Huawei U8510 IDEOS X3 Blaze review
Another remarkably inexpensive smartphone from a manufacturer keen to make its name in the Android market, but is the Huawei Blaze as cheerful as it is cheap? Julian Prokaza goes hands-on to find out.
The U8510 Blaze is remarkably cheap, but it’s also surprisingly cheerful and Huawei has done a good job of delivering a relatively capable Android smartphone for very little money. It’s probably only suited as a main smartphone for undemanding users, but the very low price still makes it ideal for a host of other purposes.
The comparatively small screen has a correspondingly low resolution, but we have no complaints about its quality it's bright and the small pixels keep things crisp, and is generally responsive beneath a fingertip (though more on this later). The screen is also dramatically better than the 320 x 240 one on the similarly specified (but considerably more expensive) Samsung Galaxy Pro.
Huawei has also done a much better job than Samsung at cramming the Android UI into so few pixels, and the five Home screens remain clear and navigable, even when filled with app icons and widgets. Web pages don't suffer unduly either, since the Android Gingerbread browser does a good job of reformatting magnified columns of text to fit the screen width and, unlike the Samsung Galaxy Pro, the multi-touch display supports the usual double-tap and pinch zoom gestures.
The only real screen size-related grumble is that since the display is only 45mm wide, the Android on-screen Qwerty keyboard can be a little fiddly to use, but there is an option to switch to a taller version with larger keys.
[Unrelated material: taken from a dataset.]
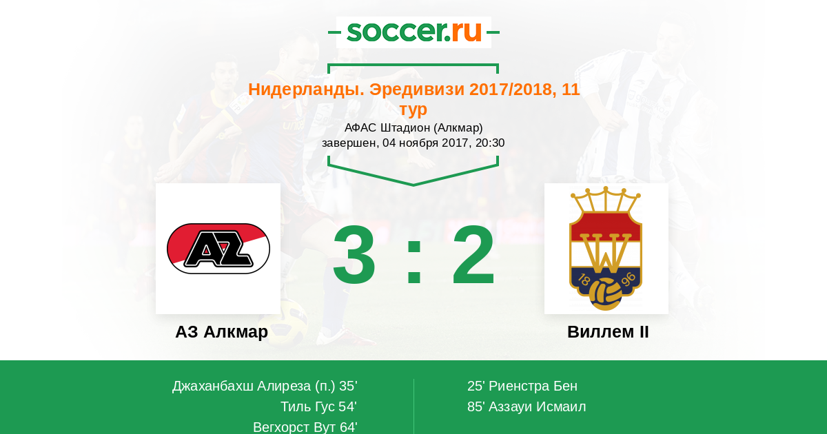 АЗ Алкмар - Виллем II: обзор матча 4 ноября 2017

Otherwise, the Blaze can be used in landscape orientation to give a more comfortably sized keyboard for typing longer chunks of text and, of course, other third-party Android keyboards can always be installed.
As hinted at earlier, the Blaze's 600MHz ARM11 processor isn't always able to keep the Android UI moving fluidly beneath a fingertip, but it doesn't seem particularly slow otherwise. The chip isn't powerful enough to run Flash, but it has no difficulty in playing YouTube videos smoothly.
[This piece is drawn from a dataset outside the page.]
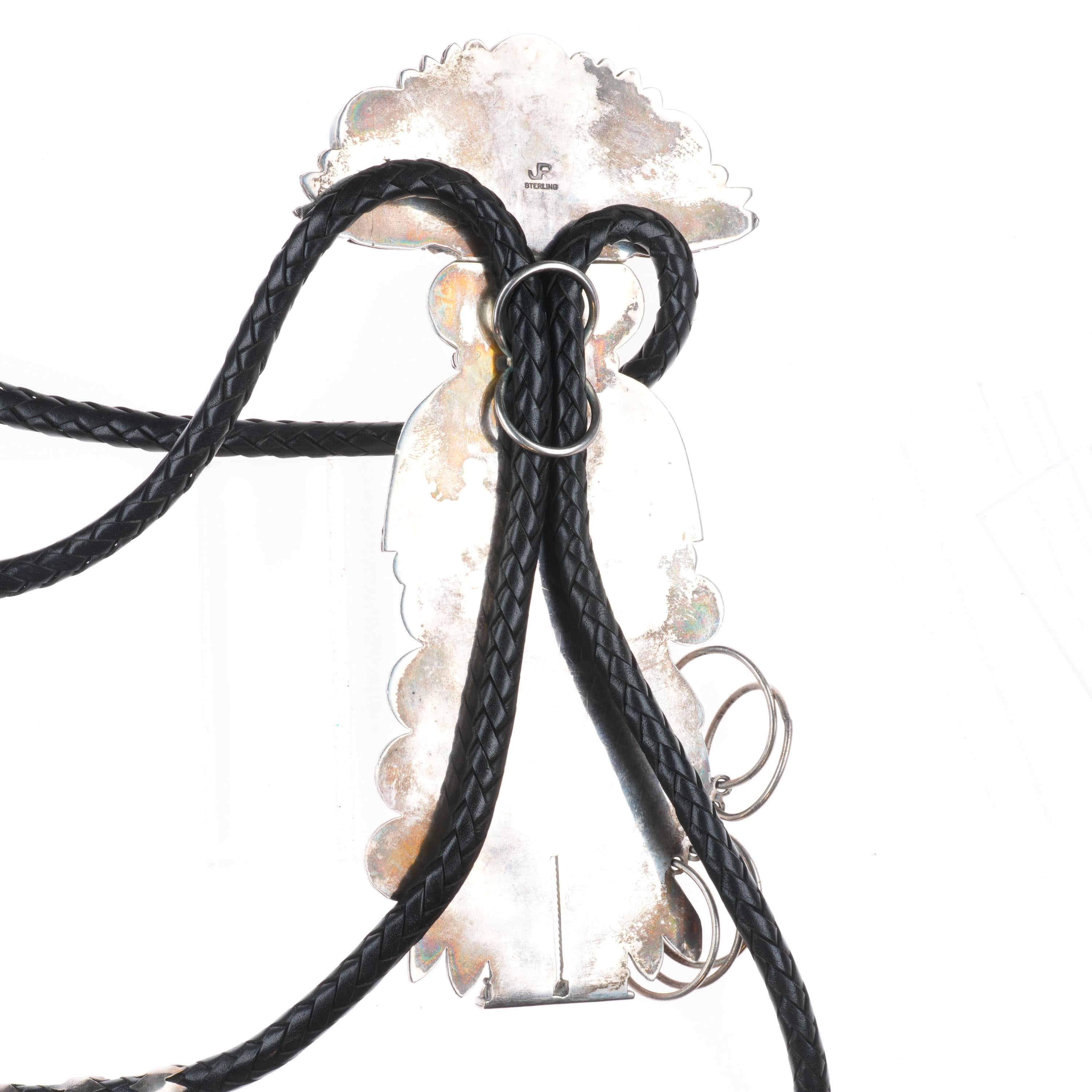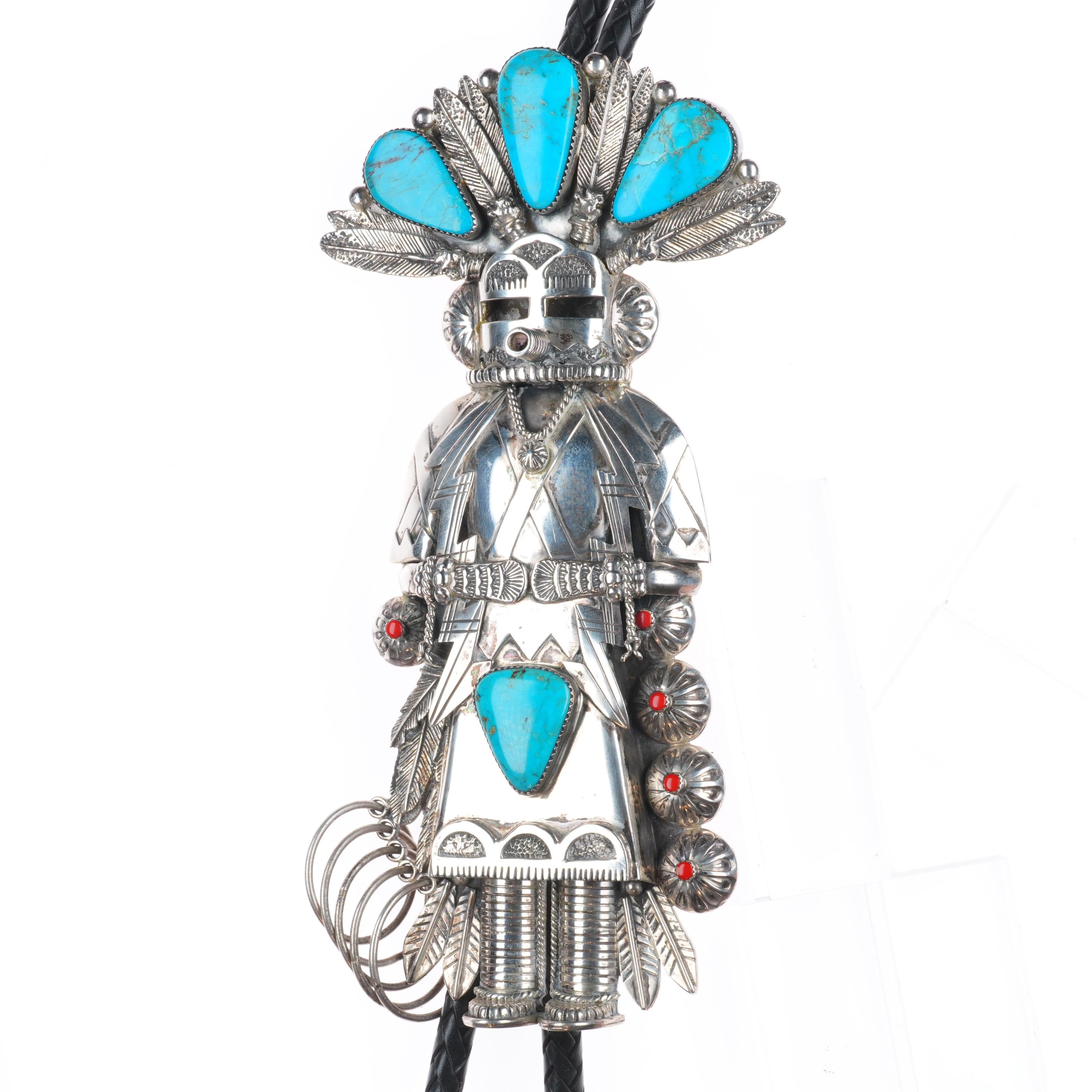 Huge Jerry Roan Navajo sterling silver turquoise/coral Kachina bolo tie

To put the Blaze's performance into context, it scored 839 in the Quadrant Standard synthetic benchmark and 11,391ms in the SunSpider JavaScript benchmark our current Android smartphone of choice, the Samsung Galaxy S II, scored 2977 and 3423.3ms, respectively.
Sadly, the puny processor doesn't result in remarkable battery life and the Blaze only lasted for six and a half hours in our video playback test (screen brightness set to 50%, all wireless off), while Huawei reckons the 1200mAh battery is good for four hours of talking and 300 hours of sitting in standby mode.